The parade had become international with a vengeance, miles of dragons and fantastic images and from somewhere amid the fantasia, St. Patrick himself always appeared, happy as ever, blessing all around him, waving to the masses as a global audience watched on and potential tourists thought — this is place to be!
In the twenty years since the nineties, the five-day spread became a tourist money spinner. Everything specifically Irish was on display, hotels flourished and so on. But just when people thought we had dregged the deeps of Irishness, of all that our culture could give, the notion of a month-long St. Patrick’s Festival has just taken root.
Apparently, as the thinking goes, Ireland’s cultural contribution to the world in literature and music and dance and painting is a much vaster subject than already stated. Then there is everything else, from holy wells to monastic sites, old castles, old prisons, lectures on thousands of related topics in what amounts to an annual international Month of Ireland extravaganza. Driven by the ever growing requirement for self worth, sense of destiny, a measure of escapism and the mystical sight of dollars pouring into the land, I strongly await this development.
Sometimes I wish St. Patrick had kept a diary and it had been found somewhere recently, totally intact and legible. I want to know he actually lived, his total human side. I want to read about his visit to Croagh Patrick — a mountain in Mayo later named in his honour — and his intention to spend Lent on top of it. Unfortunately, as the diary tells, he could only climb a few hundred feet as an old knee injury from his youth forced him to turn back. In fact, this injury was sustained on a early morning climb up Slemish in his days of slavery under Muilchu searching for lost sheep.

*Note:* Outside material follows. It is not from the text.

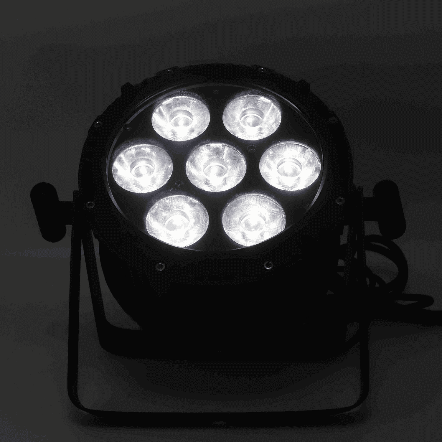 Il Par LED RGBW 7X20W può emettere diverse tipologie di luci con un’elevata disponibilità di miscelazione di colori disponibili. Il faretto NLIGHTING PAR LED è dotato di un vetro resistente con gradazione IP65, quindi adatto sia per uso interno ed esterno. All’interno dello scatolo oltre il Par LED presente anche un cordino di sicurezza e un gancio aliscaf per attaccare il Par LED al traliccio o Americana. Presenti anche le connessioni DMX IN e OUT e Alimentazione SHUCKO. Il PAR LED 7X20W dispone delle seguenti modalità: Automatico, Ritmo di musica, Dmx 512, funzione Strobo e Dimmer regolabile per l’intensità della luce da 0 a 100%. Il Par LED 7X20 può essere installato in numerose occasioni tra cui: Bar, Sale Per feste, Discoteche sia al chiuso che all’aperto.

I want to read how, in fact, he didn’t immerse himself up to the knees for forty days and nights in Lough Derg as the story was passed on. He did admit he tried it but after a few hours in a bitter March day found his limbs grow senseless and was rescued by a travelling minstrel who brought him to his house and treated him for hypothermia, singing him back to full health.
I want to read about his oratorical powers, his political insight of converting the chieftains first and then approach the people, his actual imagery of the shamrock. I noticed there was no mention of snakes, but he did mention seeing Barbary apes which had been brought by sailors from Spain.
I also noticed that he spoke of having to hide from various enemies and of several attempts to force him to go back to England “where he came from” and to stop annoying the people. The diary revealed that he was quite a big man and had no problem looking after himself if physically attacked.
But entries show he was very intelligent in his mission and made sure that he did not dismiss the deep-rooted Celtic pagan beliefs but set them in a fresh context, preserving what was profound for the people and adding fresh profundity. But that bad knee did him no favours which is why he travelled by river and sea from place to place rather than land.
In vain I looked for a prophesy that one day there would be a whole month dedicated to his memory based in a city not yet built.